(BRIEF) Your task is to return, word for word, only the lines from the line with "A simple, hand-made" through the close of the data. Exclude all pictures.

(RECORDS TO PROCESS)
========================
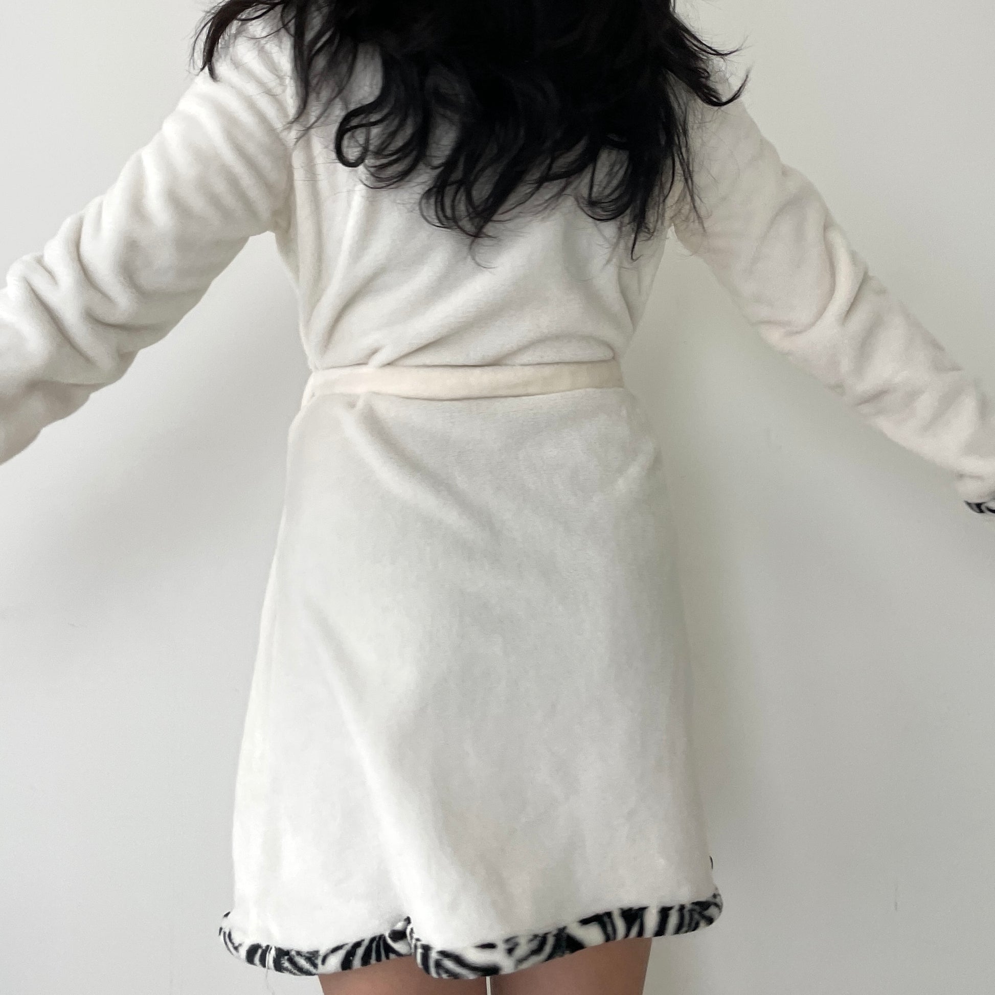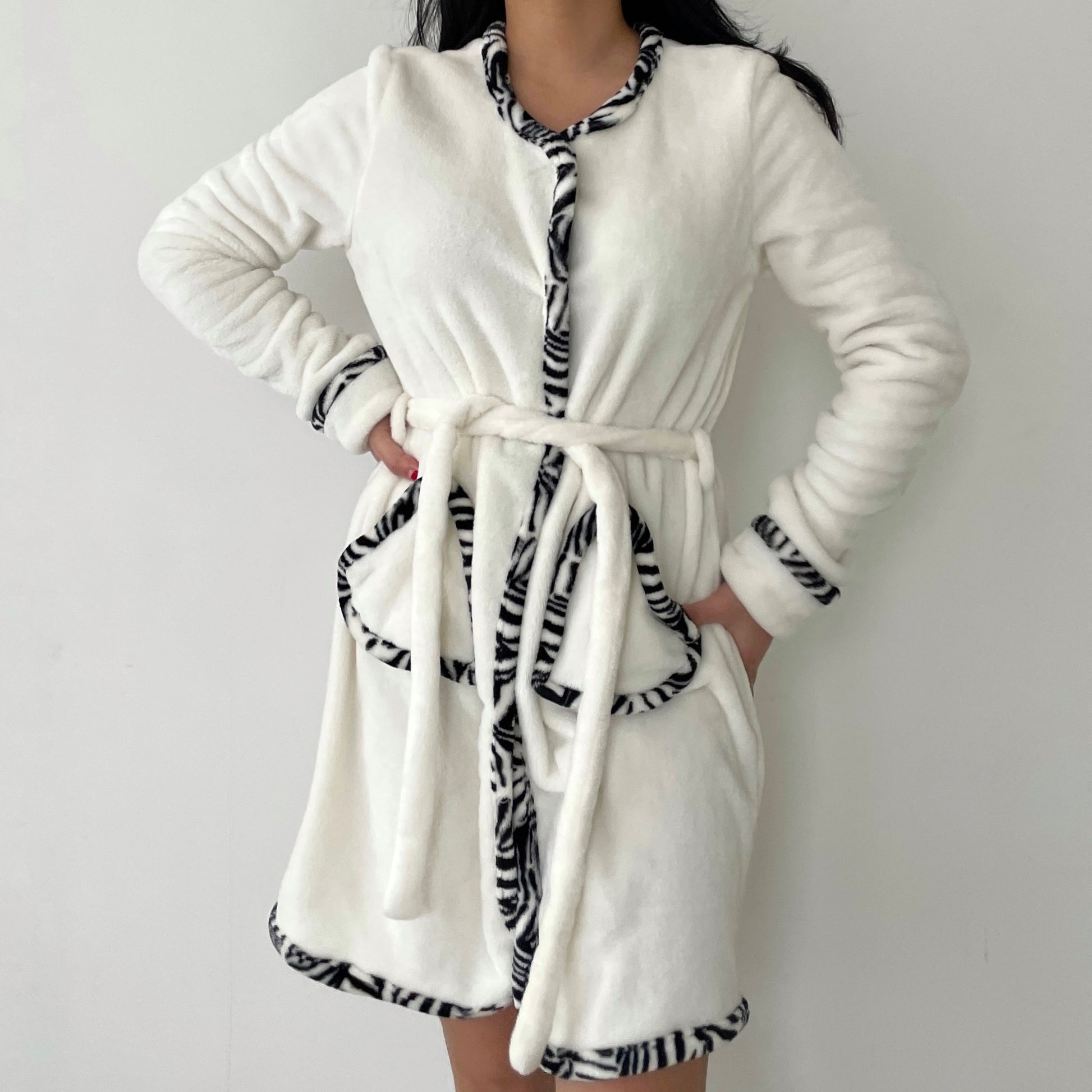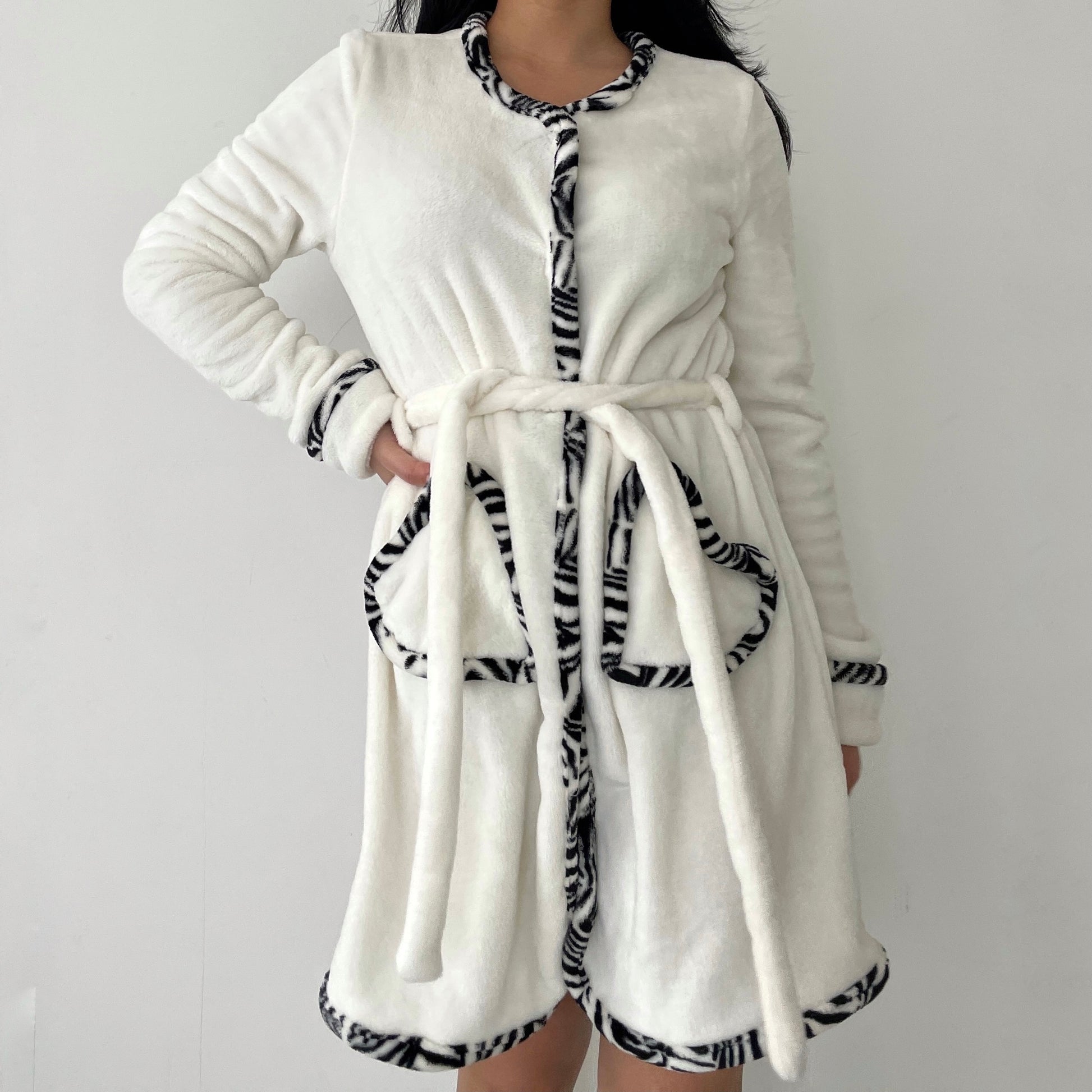- Details: White round neck soft fluffy dressing gown with zebra print trim; round collar; tie waist; snap button closures; double front pockets; faux rolled up sleeves
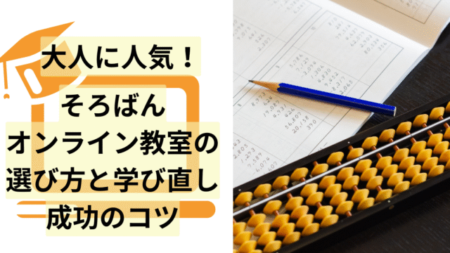 オンラインそろばん教室 大人に人気!そろばんオンライン教室の選び方と学び直し成功のコツ 大人の学び直しに人気のそろばんオンライン教室。通学不要で自宅から挑戦できる魅力と、挫折しない選び方のコツを丁寧に解説します。 2025.09.30 オンラインそろばん教室
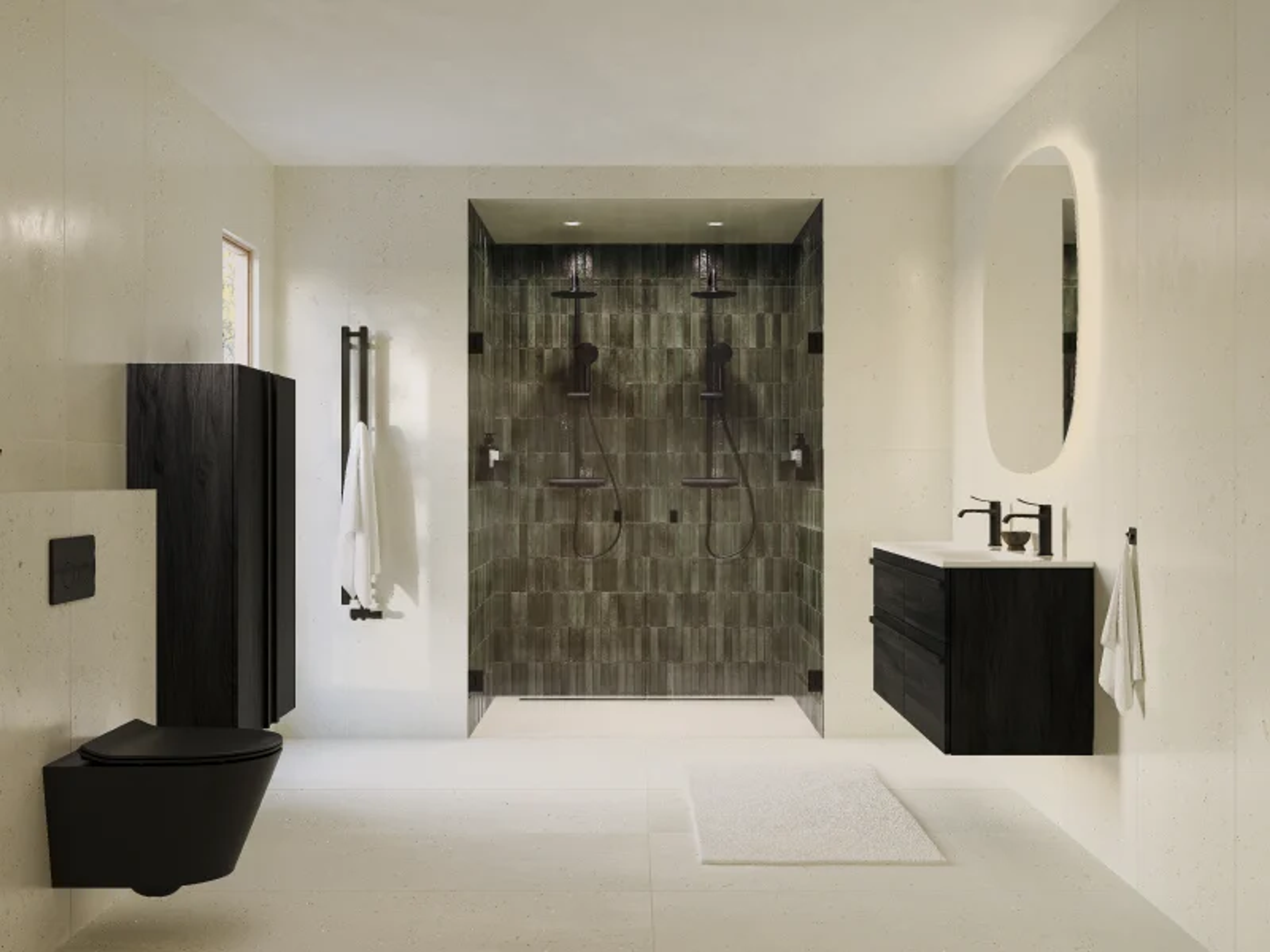 Zaga vannbåren håndkletørker i kantete formspråk. Passer i mindre rom med vertikalt hengende håndklær.
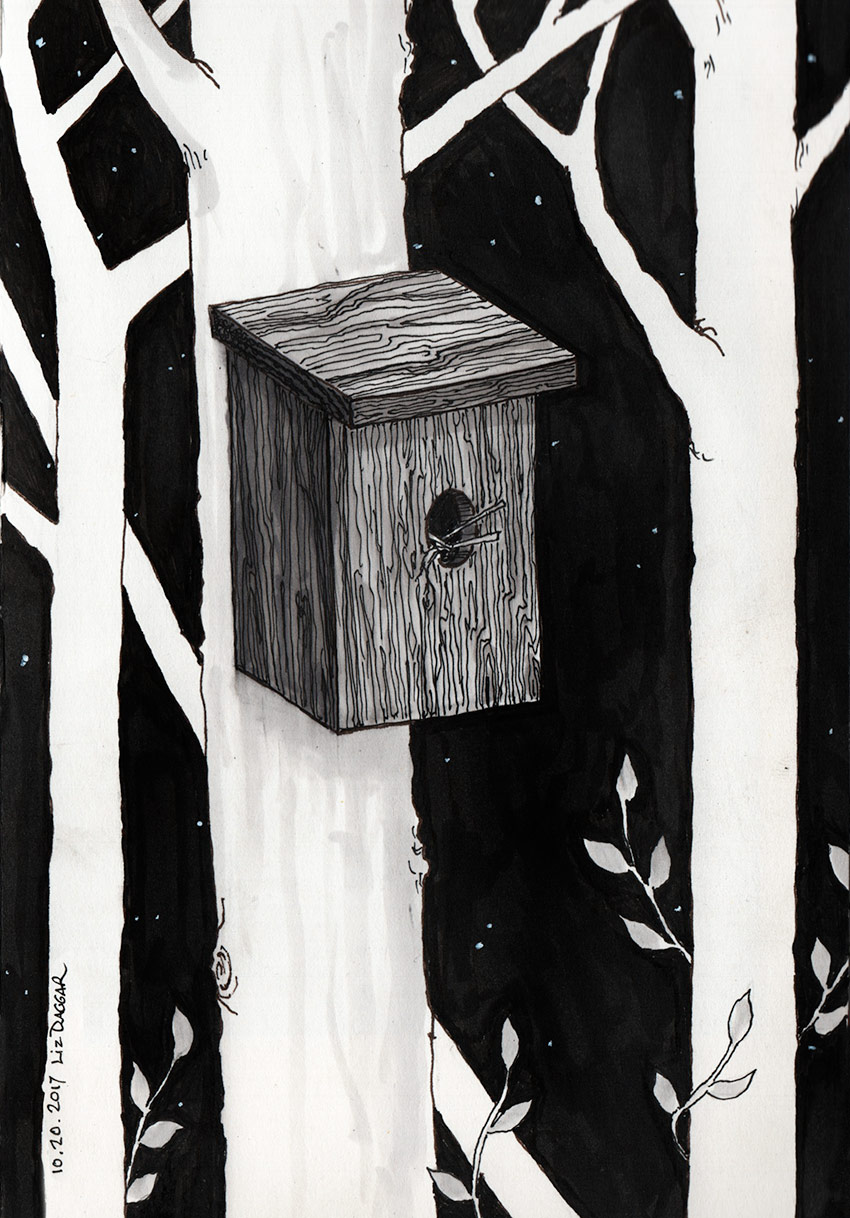 A simple, hand-made bird house adorned one of the trees near the house. It was lived in, and a few strands of bedding straw poked out its cozy doorway.
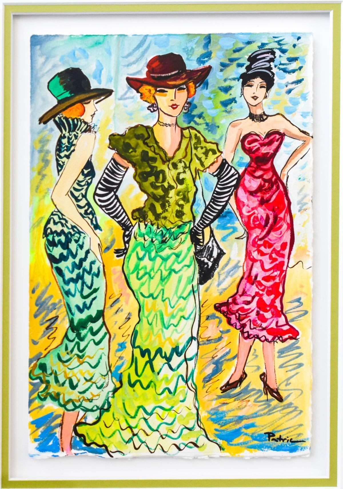 Artist: Patricia Govezensky. Medium: Original Watercolor. Title: Modeling. Size (Unframed): 11" x 7.5". Size (Framed): 21" x 17". Certificate of Authenticity: From the publisher. Reference# 11541.
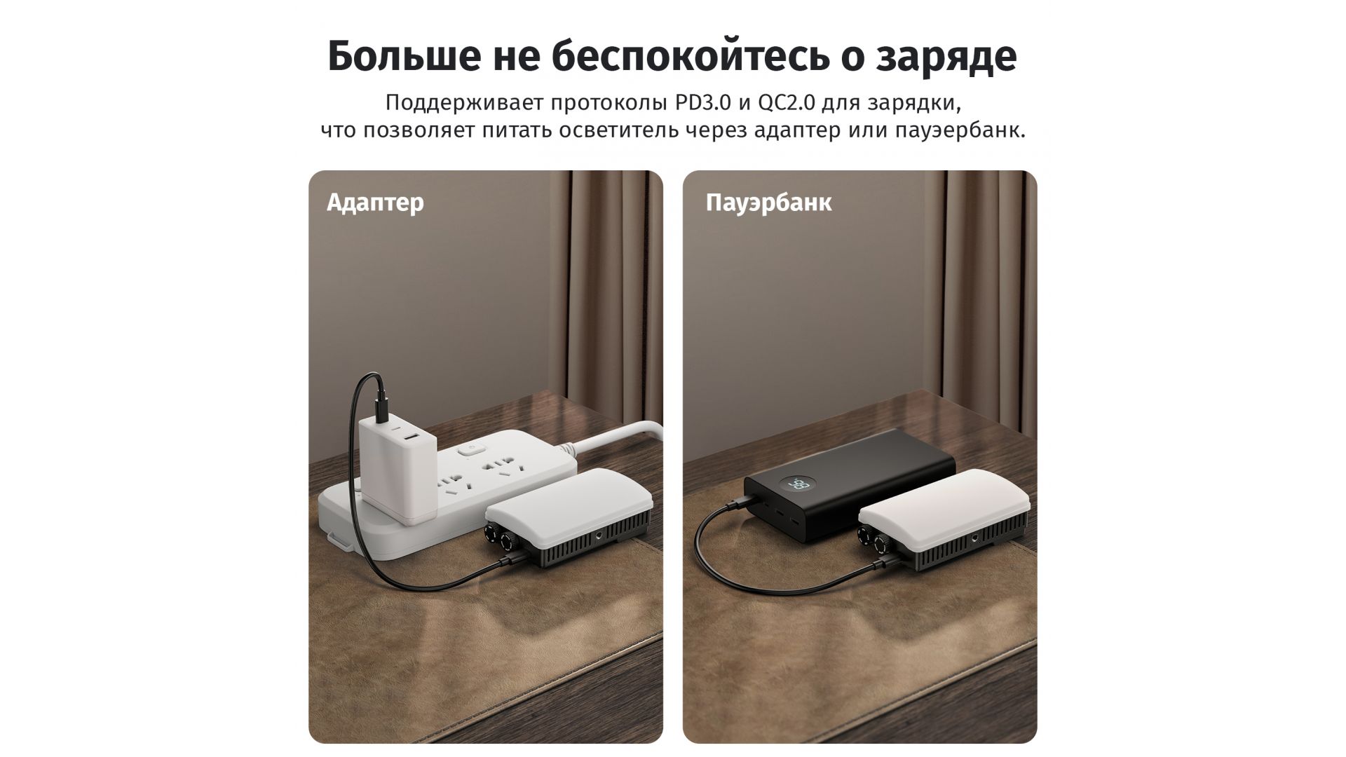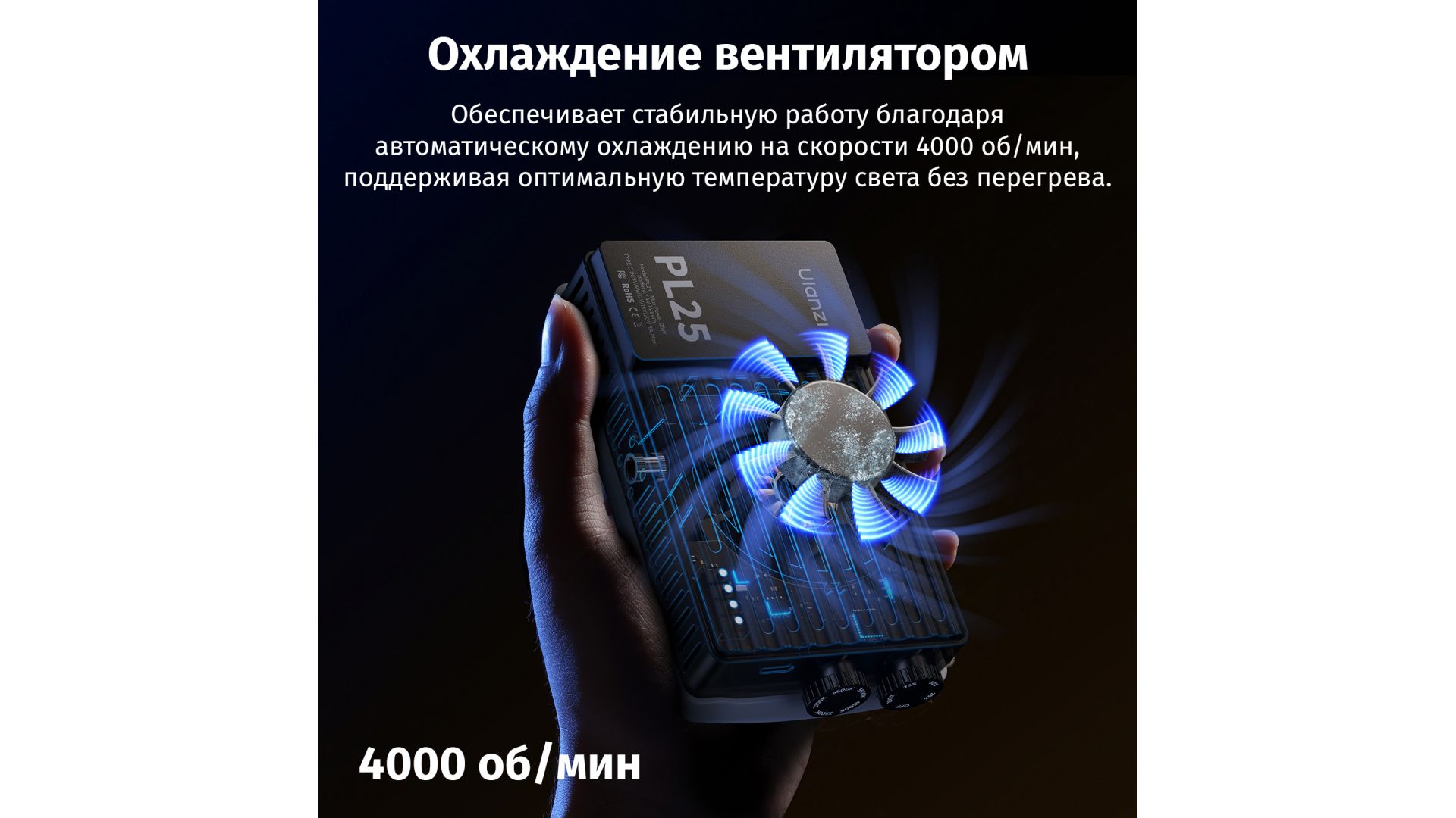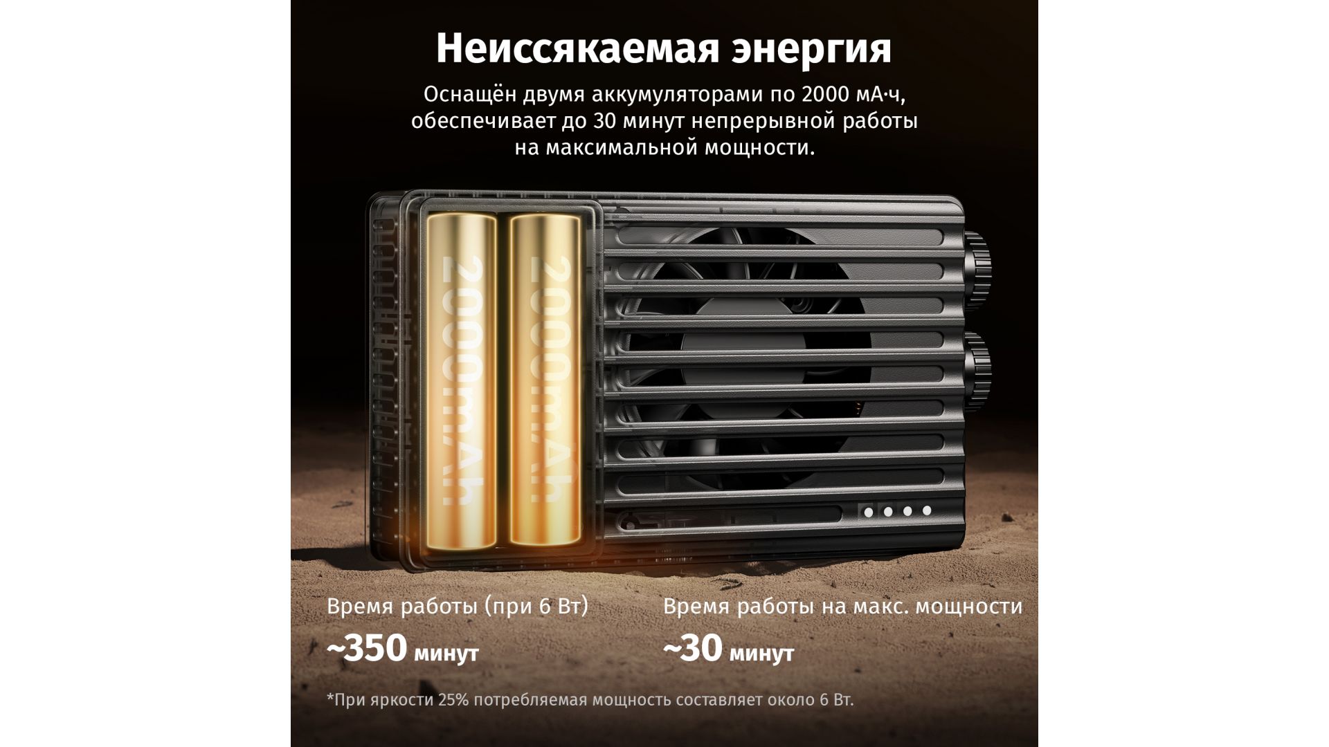 Встроенный аккумулятор 14.8 Втч обеспечивает до 30 минут работы на максимуме, а вентилятор (4000 об/мин) предотвращает перегрев. Поддержка быстрой зарядки PD3.0/QC2.0 (Type-C) совместима с Power Delivery-адаптерами и повербанками. Управление – через удобные диммеры на корпусе.
========================
(RESULT OF THE TASK)
 A simple, hand-made bird house adorned one of the trees near the house. It was lived in, and a few strands of bedding straw poked out its cozy doorway.
 Artist: Patricia Govezensky. Medium: Original Watercolor. Title: Modeling. Size (Unframed): 11" x 7.5". Size (Framed): 21" x 17". Certificate of Authenticity: From the publisher. Reference# 11541.
 Встроенный аккумулятор 14.8 Втч обеспечивает до 30 минут работы на максимуме, а вентилятор (4000 об/мин) предотвращает перегрев. Поддержка быстрой зарядки PD3.0/QC2.0 (Type-C) совместима с Power Delivery-адаптерами и повербанками. Управление – через удобные диммеры на корпусе.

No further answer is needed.